Array beam laser three-dimensional imaging technology
作者单位
华北光电技术研究所 固体激光技术重点实验室, 北京 100015
摘要
针对现有激光三维成像中使用的面阵APD探测器相邻像元间隔较大, 导致激光利用率低从而影响探测距离的缺点, 提出阵列分束激光三维成像技术。该技术对激光发射源采用液晶空间光调制器进行衍射阵列分束, 将一束激光分成与阵列APD探测器相应的阵列子光束, 调整激光发射子光束和阵列APD探测器的位置, 使得子光束照射目标后聚焦到阵列APD探测器的像元上, 提高了整束激光的利用效率。介绍了阵列分束激光三维成像技术系统组成和工作原理, 提出采用液晶空间光调制器的方法实现阵列分束的方案, 研制了阵列分束激光三维成像原理样机, 利用研制的原理样机对采用阵列分束后的效果进行了验证。实验结果表明, 采用该技术后, 采用峰值功率10 kW、脉宽8 ns的激光源, 填充因子2/3的8×8 APD, 三维成像作用距离达到510 m, 同等条件下与不分束相比, 作用距离提升39.1%。
Abstract
Laser effective utilization rate is low because the gap between adjacent pixels in APD detectors used in laser 3D imaging is too large. Aiming to the question, the array beam laser 3D imaging technology was proposed. A laser beam of the laser radiation source was diffracted into sub-beams in array with a liquid crystal spatial light modulator, so that the laser beam can be divided into sub-beams corresponding to the array APD detector. The positions of the laser beam and array APD detectors were adjusted, so that the laser beam can irradiate on an object and focus on the effective array pixel of APD detector, the utilization efficiency of laser beam was improved. The composition and working principle of array beam laser 3D imaging system were introduced. The scheme to realize the array beam by using liquid crystal spatial light modulator was proposed The prototype of the array beam laser 3D imaging system was studied, and the result of laser array beam using the prototype was verified. The experimental result shows that 3D imaging range reaches 510 meters with peak power 10 kW, pulse width 8 ns, and 8×8 APD detector fill factor 2/3, the effect distance increases by 39.1%, compared with the laser 3D imaging system without array beam.
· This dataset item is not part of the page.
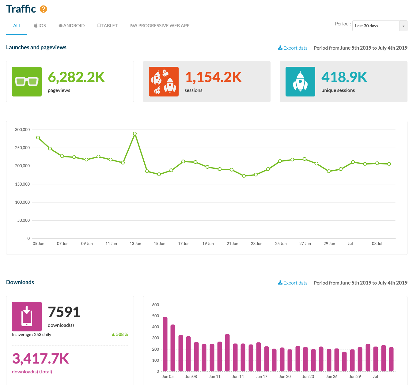 Se você estiver usando a GoodBarber, terá acesso a um painel para visualizar algumas estatísticas principais em um só lugar. Além disso, nossos engenheiros já cuidaram da implementação do Google Analytics para Firebase . Tudo o que você precisa fazer é seguir as diferentes etapas de configuração do console do Firebase (https://console.firebase.google.com/ ) para começar a coletar eventos em seu aplicativo e enviá-los ao Firebase.

刘波, 赵娟莹, 眭晓林, 曹昌东, 颜子恒, 吴姿妍. 阵列分束激光三维成像技术[J]. 红外与激光工程, 2019, 48(6): 0606001. Liu Bo, Zhao Juanying, Sui Xiaolin, Cao Changdong, Yan Ziheng, Wu Ziyan. Array beam laser three-dimensional imaging technology[J]. Infrared and Laser Engineering, 2019, 48(6): 0606001.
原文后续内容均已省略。